[DATA RECORDS — start]

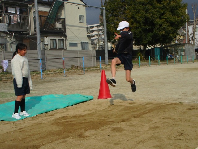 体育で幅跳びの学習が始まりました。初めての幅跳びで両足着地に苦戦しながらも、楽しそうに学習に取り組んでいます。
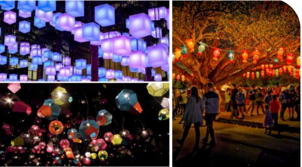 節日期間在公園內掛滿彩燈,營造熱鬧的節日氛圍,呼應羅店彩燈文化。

[DATA RECORDS — finish]
[DATA RECORDS — start]

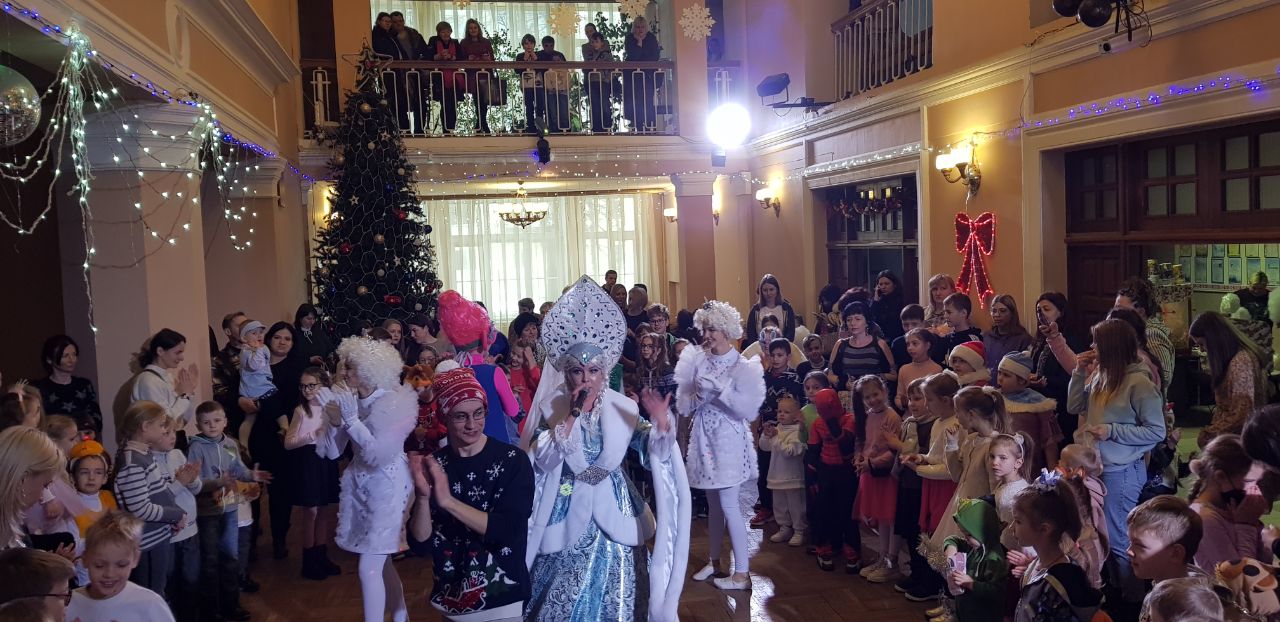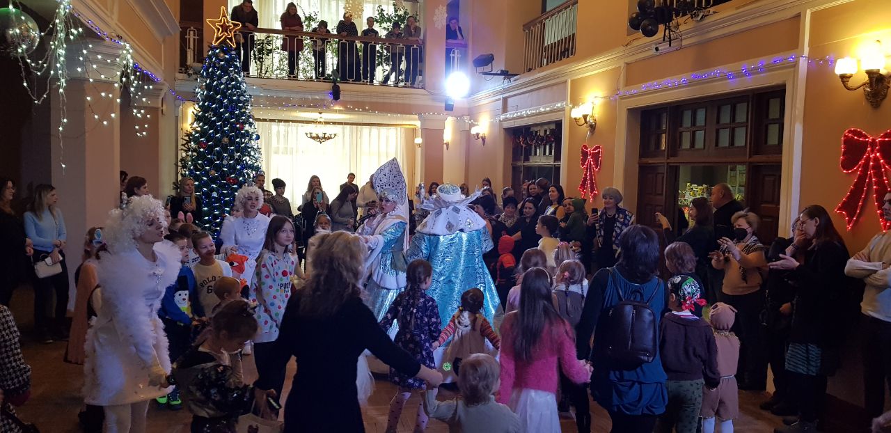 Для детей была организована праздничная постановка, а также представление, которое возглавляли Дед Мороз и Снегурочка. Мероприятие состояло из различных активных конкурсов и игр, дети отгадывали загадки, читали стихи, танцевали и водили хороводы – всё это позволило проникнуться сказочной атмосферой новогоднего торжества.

[DATA RECORDS — finish]

## WHAT IS EXPECTED
Every line from the one with "体育で幅跳びの学習が始まりま" through the one with "節日期間在公園內掛滿彩燈,營造熱鬧的節日氛圍,呼應羅店彩燈文化。" is to be reproduced exactly as written above, and the pictures are to be dropped.

## RESULT BELOW
 体育で幅跳びの学習が始まりました。初めての幅跳びで両足着地に苦戦しながらも、楽しそうに学習に取り組んでいます。
 節日期間在公園內掛滿彩燈,營造熱鬧的節日氛圍,呼應羅店彩燈文化。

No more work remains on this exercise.